Available data:
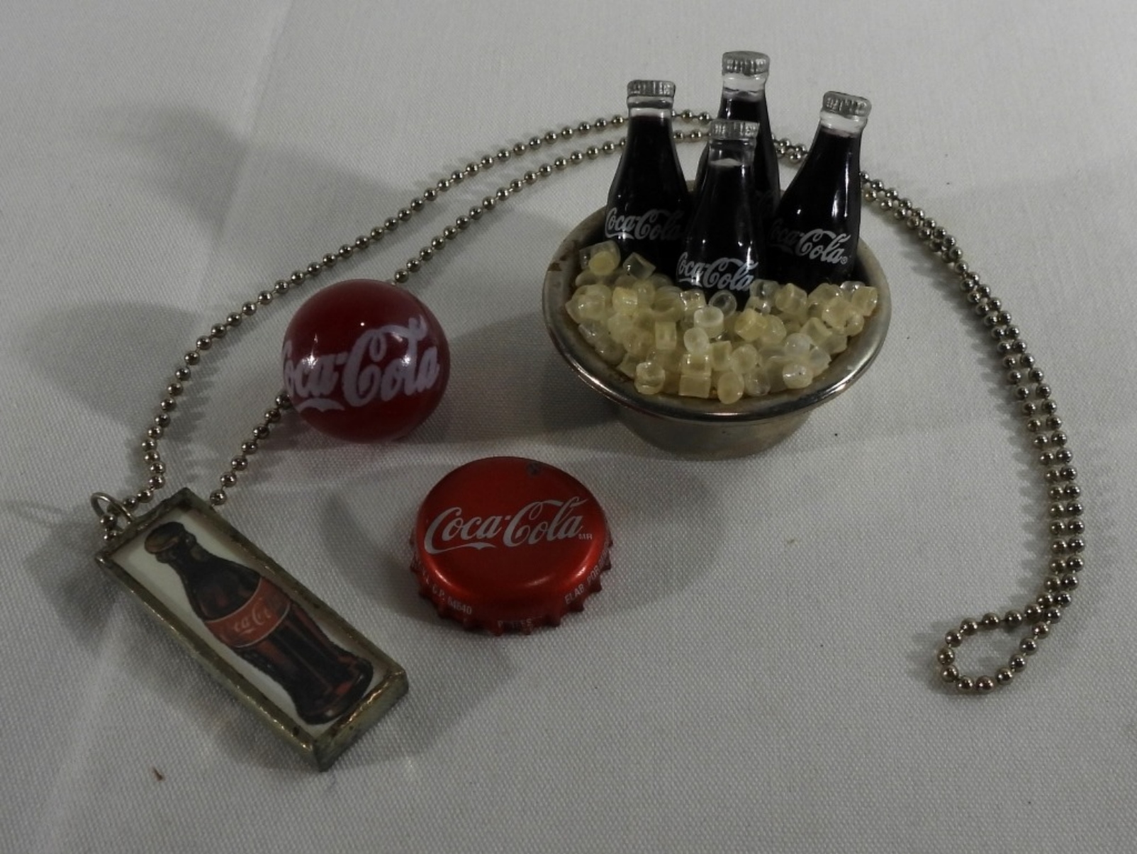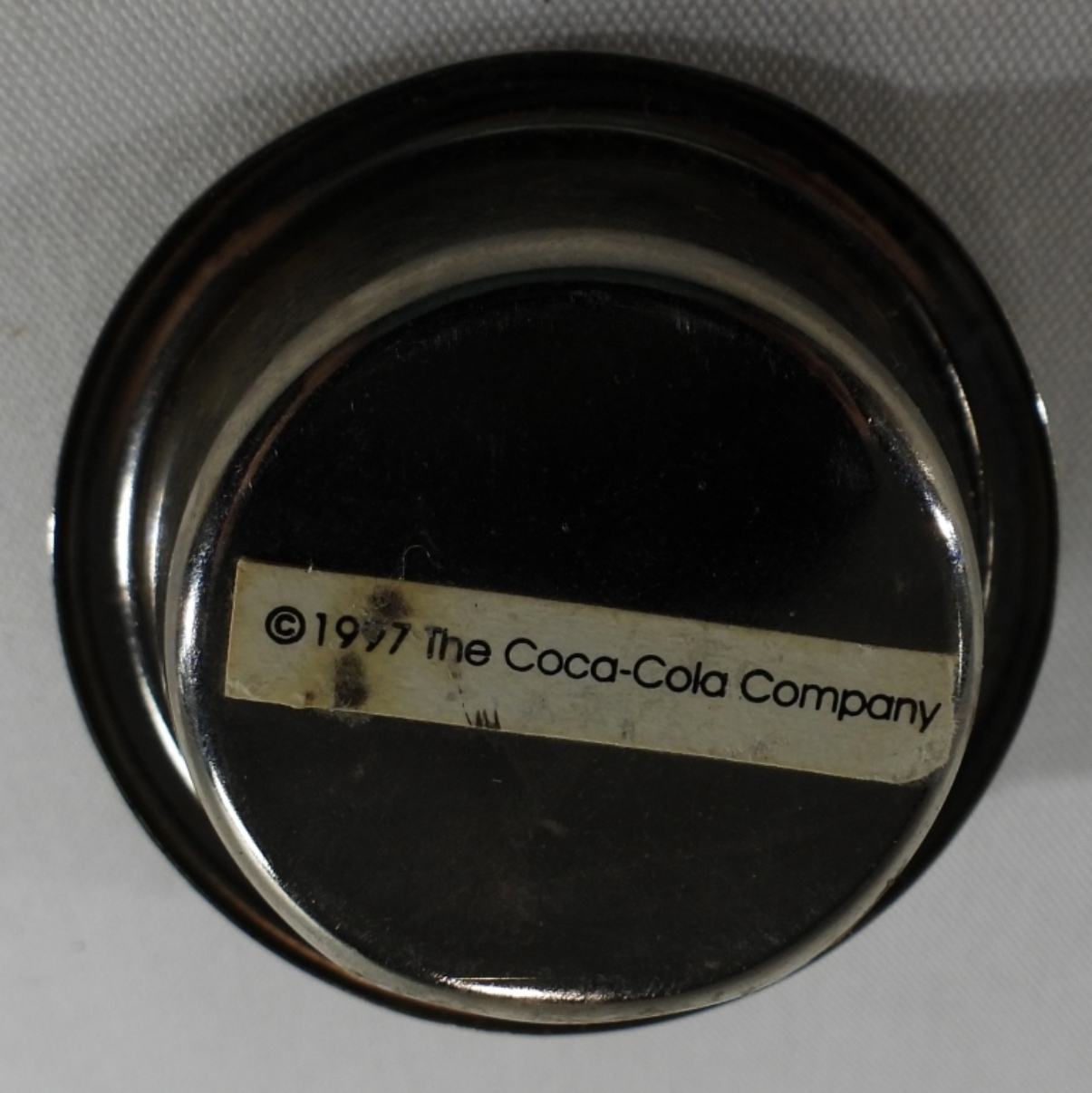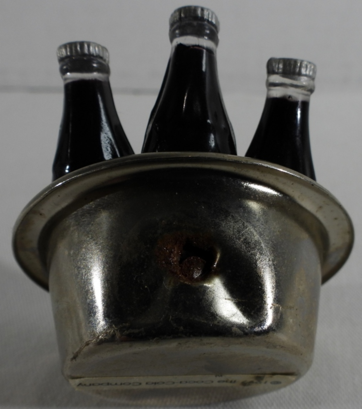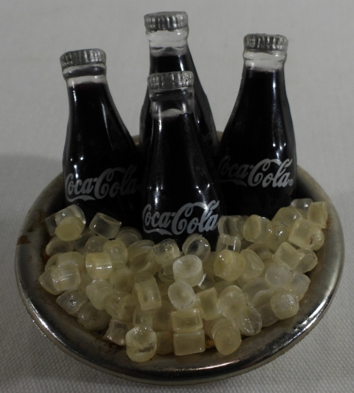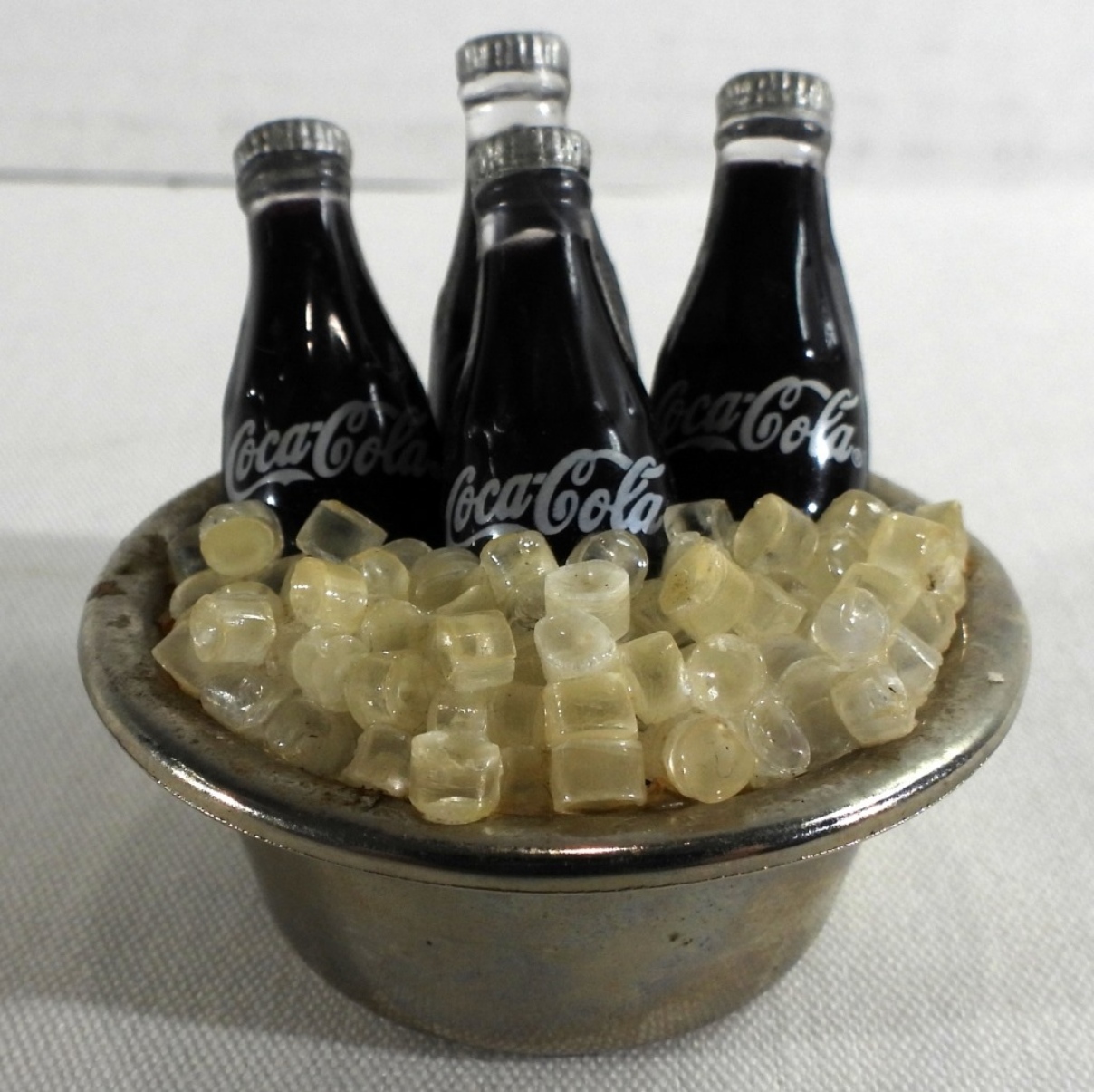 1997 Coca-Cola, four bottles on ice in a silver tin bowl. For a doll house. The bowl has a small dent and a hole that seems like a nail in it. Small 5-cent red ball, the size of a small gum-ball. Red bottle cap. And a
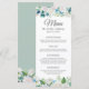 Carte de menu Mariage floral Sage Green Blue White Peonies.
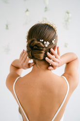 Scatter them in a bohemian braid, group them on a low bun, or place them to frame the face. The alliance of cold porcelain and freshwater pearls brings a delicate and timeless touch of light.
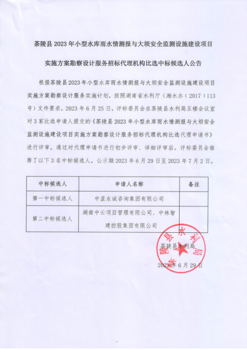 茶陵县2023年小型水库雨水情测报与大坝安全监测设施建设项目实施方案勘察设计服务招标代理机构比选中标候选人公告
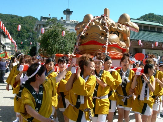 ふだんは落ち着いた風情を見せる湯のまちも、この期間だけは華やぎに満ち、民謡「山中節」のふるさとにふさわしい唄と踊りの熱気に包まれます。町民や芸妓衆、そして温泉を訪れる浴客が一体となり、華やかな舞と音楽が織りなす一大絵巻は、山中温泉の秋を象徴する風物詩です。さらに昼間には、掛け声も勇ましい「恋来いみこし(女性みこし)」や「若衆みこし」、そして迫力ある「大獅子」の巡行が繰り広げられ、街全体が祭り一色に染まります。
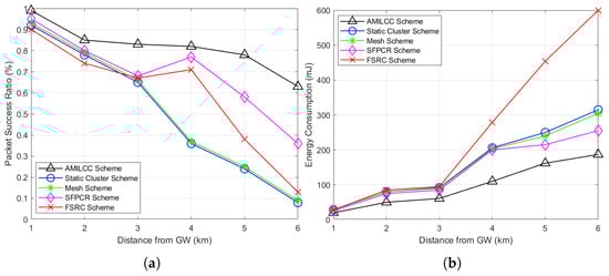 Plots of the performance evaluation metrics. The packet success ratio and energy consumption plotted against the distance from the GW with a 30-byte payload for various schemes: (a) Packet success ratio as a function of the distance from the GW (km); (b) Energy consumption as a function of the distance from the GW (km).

* * *

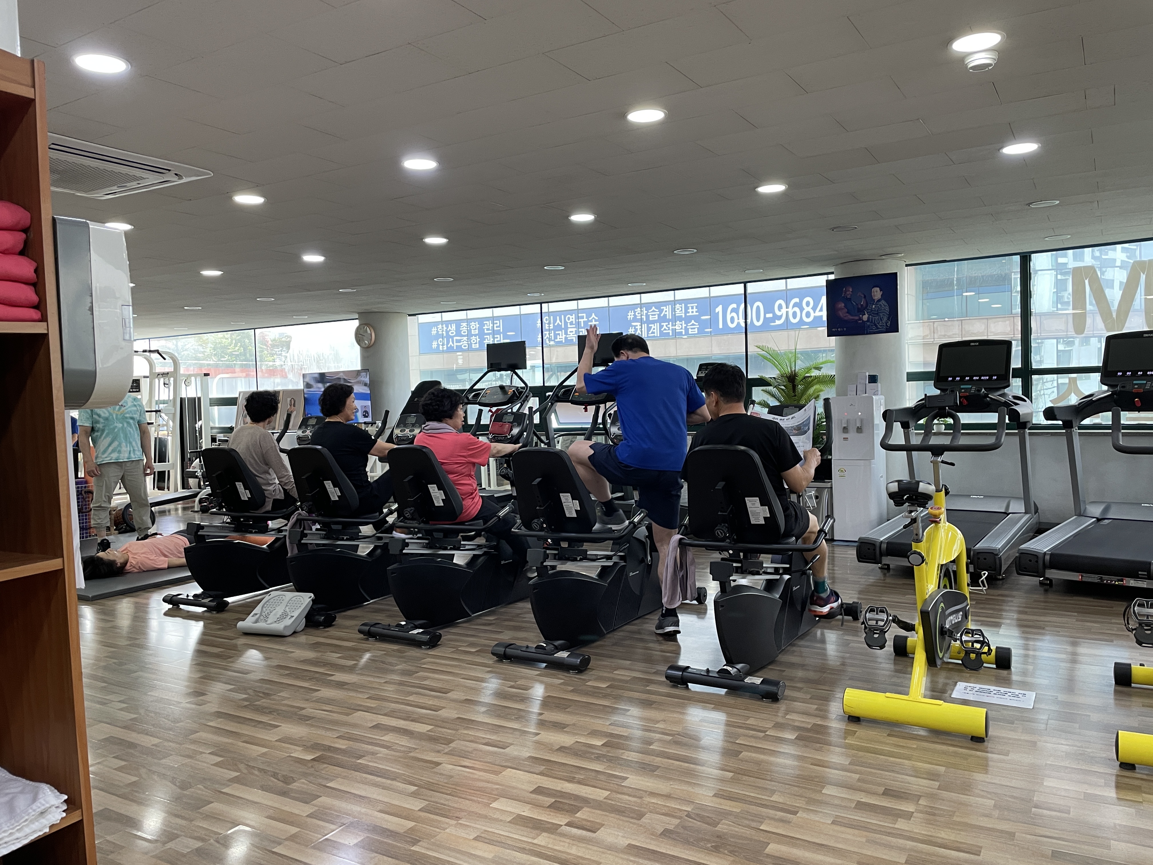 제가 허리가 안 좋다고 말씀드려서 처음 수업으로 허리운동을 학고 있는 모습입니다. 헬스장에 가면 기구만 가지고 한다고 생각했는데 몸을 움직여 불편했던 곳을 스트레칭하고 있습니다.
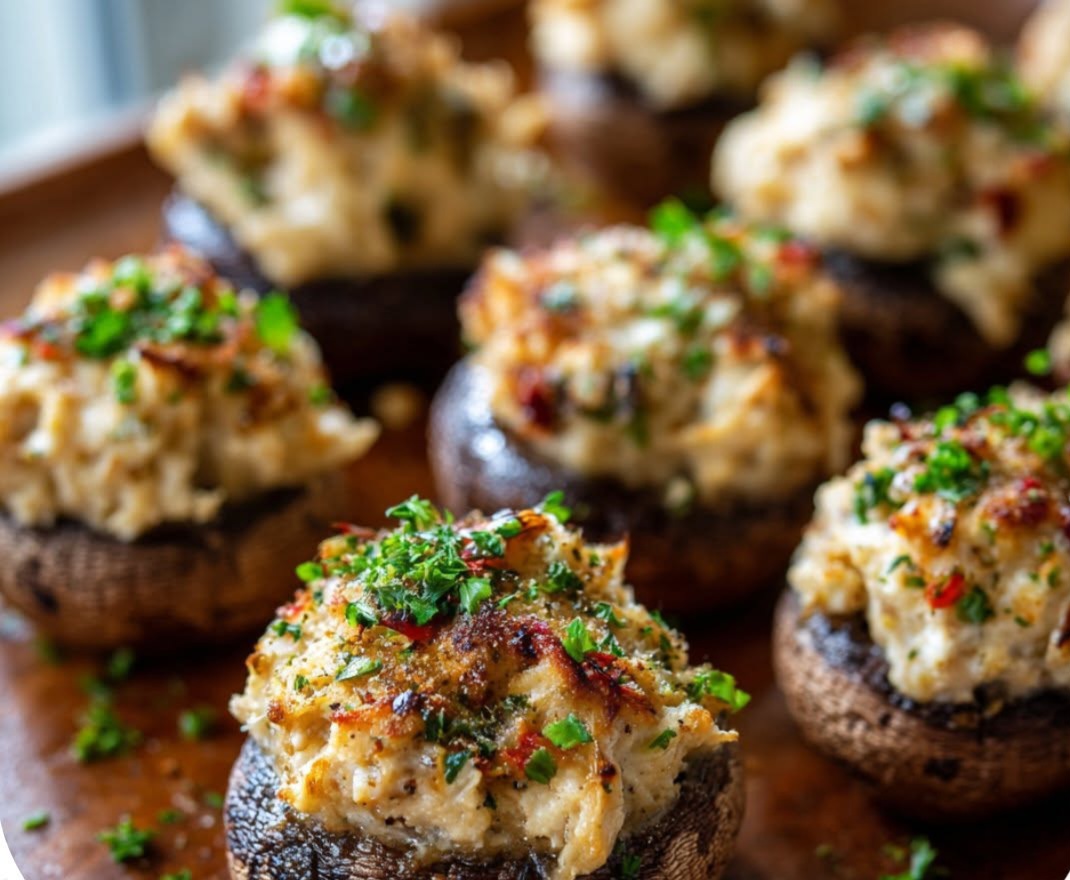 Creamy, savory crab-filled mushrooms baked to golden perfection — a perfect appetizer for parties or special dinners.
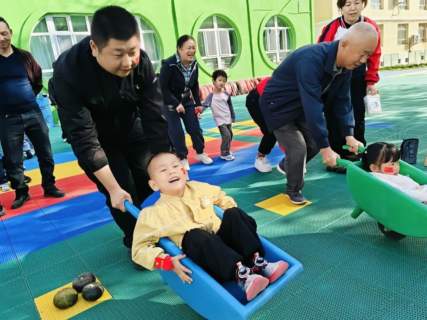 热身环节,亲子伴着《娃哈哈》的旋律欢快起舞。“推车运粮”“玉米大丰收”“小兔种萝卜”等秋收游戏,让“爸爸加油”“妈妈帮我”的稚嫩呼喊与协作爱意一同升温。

What the exercise asks: After locating "茶陵县2023年小型水库雨水" and "Plots of the" in the records above, return exactly the line holding each one and every line between them; leave out the pictures.

Task output:
 茶陵县2023年小型水库雨水情测报与大坝安全监测设施建设项目实施方案勘察设计服务招标代理机构比选中标候选人公告
 ふだんは落ち着いた風情を見せる湯のまちも、この期間だけは華やぎに満ち、民謡「山中節」のふるさとにふさわしい唄と踊りの熱気に包まれます。町民や芸妓衆、そして温泉を訪れる浴客が一体となり、華やかな舞と音楽が織りなす一大絵巻は、山中温泉の秋を象徴する風物詩です。さらに昼間には、掛け声も勇ましい「恋来いみこし(女性みこし)」や「若衆みこし」、そして迫力ある「大獅子」の巡行が繰り広げられ、街全体が祭り一色に染まります。
 Plots of the performance evaluation metrics. The packet success ratio and energy consumption plotted against the distance from the GW with a 30-byte payload for various schemes: (a) Packet success ratio as a function of the distance from the GW (km); (b) Energy consumption as a function of the distance from the GW (km).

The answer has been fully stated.